**Action item:** Leave out all pictures and retype exactly the lines from the one with "Apel ini dipimpin" through the last line of the material.

**Information provided:**
== Segment start ==
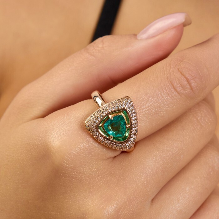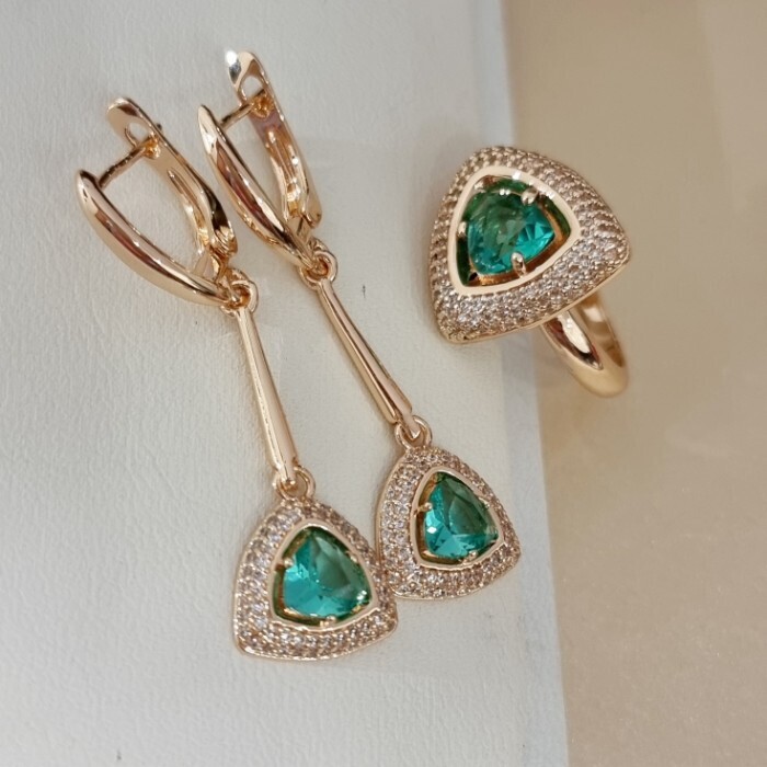 Комплект ювелирной бижутерии коллекция "Дубай" серьги и кольцо 20 р покрытие позолота, вставка: фианиты и цирконы, цвет: морская волна и прозрачный, арт.215.618-20
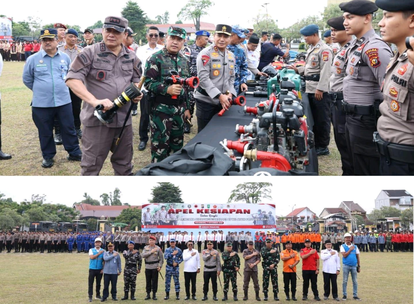 Apel ini dipimpin langsung oleh Kapolda Riau Irjen Pol Dr. Hery Herjawan, S.I.K., M.H., M.Hum., bersama Pangdam XIX/Tuanku Tambusai Mayjen TNI Agus Hadi Waluyo, S.A.P., M.M., CHRMP. Turut hadir Danrem, Danlanud, Danlanal, Ka BNNP, unsur Forkopimda, pejabat utama Polda Riau, Dansat Brimob Polda Riau KBP I Ketut Gede Adi Wibawa, S.I.K., serta BPBD, Basarnas, dan instansi terkait lainnya.
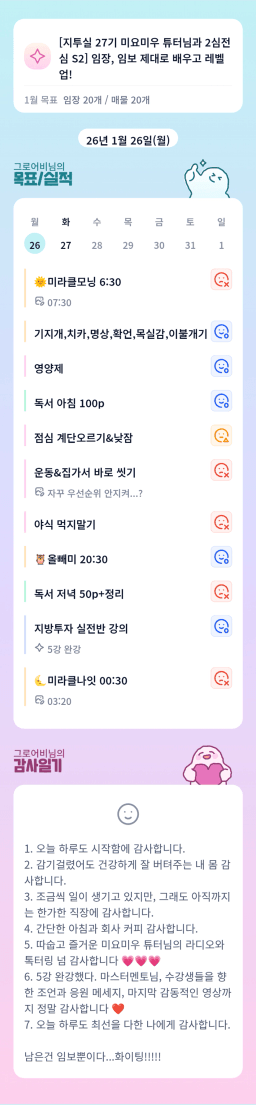 [지투 반나이튜터님과 원팀2면3단계성장할조_히히s] 260125-26 매일목실감
== Segment end ==
**Result:**
 Apel ini dipimpin langsung oleh Kapolda Riau Irjen Pol Dr. Hery Herjawan, S.I.K., M.H., M.Hum., bersama Pangdam XIX/Tuanku Tambusai Mayjen TNI Agus Hadi Waluyo, S.A.P., M.M., CHRMP. Turut hadir Danrem, Danlanud, Danlanal, Ka BNNP, unsur Forkopimda, pejabat utama Polda Riau, Dansat Brimob Polda Riau KBP I Ketut Gede Adi Wibawa, S.I.K., serta BPBD, Basarnas, dan instansi terkait lainnya.
 [지투 반나이튜터님과 원팀2면3단계성장할조_히히s] 260125-26 매일목실감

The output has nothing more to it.